Strace and the utumno0 CTF
I'm trying to figure out the "utumno0" Capture The Flag (it can be found
here[1]).
No success so far, but trying to solve this exercise I decided to read
the strace(1) manpage thoroughly, to understand if it could be a valuable
tool.
I find strace(1) to be really a valuable tool for reverse engineering and
computer forensics! I collected a few flags that I find interesting in my
"Today I Learned"[2] list, and I'll report them here too.
[1]
https://overthewire.org/wargames/
[2]
gopher://dacav.org/0/textfiles/til.txt
...
Useful strace(1) options
The -e flag can be used for a variety of things:
- To filter the systemcall.

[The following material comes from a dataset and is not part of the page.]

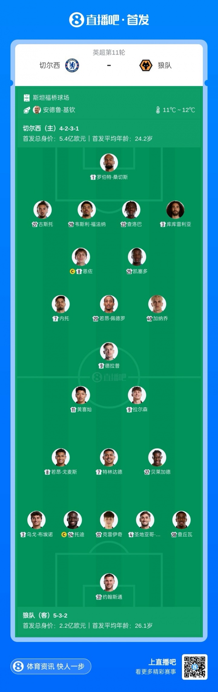 11月9日讯 英超第11轮,切尔西对阵狼队,赛前首发公布。

It supports classe of syscalls, e.g.
`strace -e %file x` is equivalent to
`strace -e trace=open,stat,chmod,unlink,... x`.

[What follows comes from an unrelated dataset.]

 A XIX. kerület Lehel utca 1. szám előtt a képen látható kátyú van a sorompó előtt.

Hidden jems in the available classes.
- To dump the data of the read/write operations.
- To decode information about the file descriptors (e.g path of the files)
(see also -y / -yy / -Y)
- To inject syscall behaviours.
The -c flag shows a table of statistics on invoked syscalls.
The -z/-Z flags filter successful and faulty syscalls respectively.
The -r/-T flags measure times between and within syscalls respectively.
Possibly useful for a rough performance assessment.